=== PROBLEM DETAILS ===
The records below hold a stretch from the line with "和TDG法规一样,不允许使用" through the line with "Elaboración: Metemos los"; return exactly those lines, ends included, and nothing more.

=== SUPPLIED DATA ===
****************

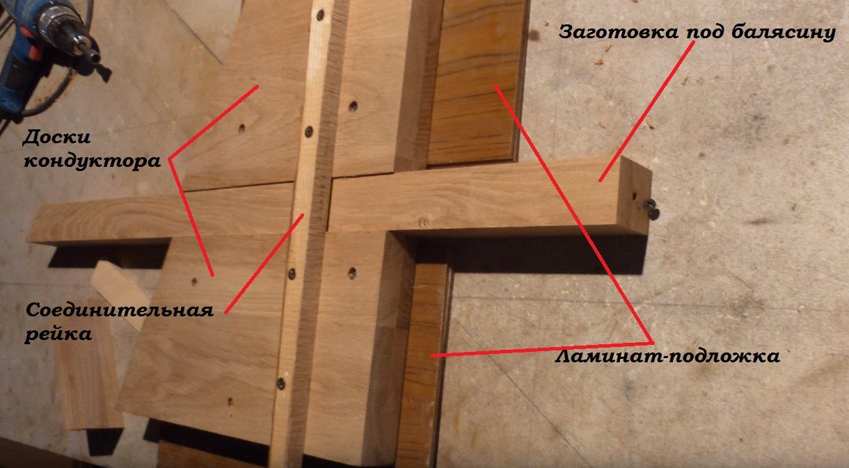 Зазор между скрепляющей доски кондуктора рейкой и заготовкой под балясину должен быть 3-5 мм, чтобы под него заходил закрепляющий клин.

****************

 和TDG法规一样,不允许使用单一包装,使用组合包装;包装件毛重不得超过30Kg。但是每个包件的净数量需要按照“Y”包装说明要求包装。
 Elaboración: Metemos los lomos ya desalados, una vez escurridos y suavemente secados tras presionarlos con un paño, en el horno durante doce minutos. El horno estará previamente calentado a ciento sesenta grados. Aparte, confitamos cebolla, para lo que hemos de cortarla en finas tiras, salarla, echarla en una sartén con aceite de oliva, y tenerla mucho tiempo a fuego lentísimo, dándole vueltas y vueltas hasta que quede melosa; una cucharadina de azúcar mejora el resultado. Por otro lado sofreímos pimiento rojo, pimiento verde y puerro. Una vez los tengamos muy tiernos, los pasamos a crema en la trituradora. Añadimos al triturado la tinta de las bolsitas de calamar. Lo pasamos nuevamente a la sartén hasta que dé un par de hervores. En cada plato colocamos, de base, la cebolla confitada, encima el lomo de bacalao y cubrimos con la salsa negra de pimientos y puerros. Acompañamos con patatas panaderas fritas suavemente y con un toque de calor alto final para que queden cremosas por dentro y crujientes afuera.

****************

=== ANSWER FOR THIS EXERCISE ===
 和TDG法规一样,不允许使用单一包装,使用组合包装;包装件毛重不得超过30Kg。但是每个包件的净数量需要按照“Y”包装说明要求包装。
 Elaboración: Metemos los lomos ya desalados, una vez escurridos y suavemente secados tras presionarlos con un paño, en el horno durante doce minutos. El horno estará previamente calentado a ciento sesenta grados. Aparte, confitamos cebolla, para lo que hemos de cortarla en finas tiras, salarla, echarla en una sartén con aceite de oliva, y tenerla mucho tiempo a fuego lentísimo, dándole vueltas y vueltas hasta que quede melosa; una cucharadina de azúcar mejora el resultado. Por otro lado sofreímos pimiento rojo, pimiento verde y puerro. Una vez los tengamos muy tiernos, los pasamos a crema en la trituradora. Añadimos al triturado la tinta de las bolsitas de calamar. Lo pasamos nuevamente a la sartén hasta que dé un par de hervores. En cada plato colocamos, de base, la cebolla confitada, encima el lomo de bacalao y cubrimos con la salsa negra de pimientos y puerros. Acompañamos con patatas panaderas fritas suavemente y con un toque de calor alto final para que queden cremosas por dentro y crujientes afuera.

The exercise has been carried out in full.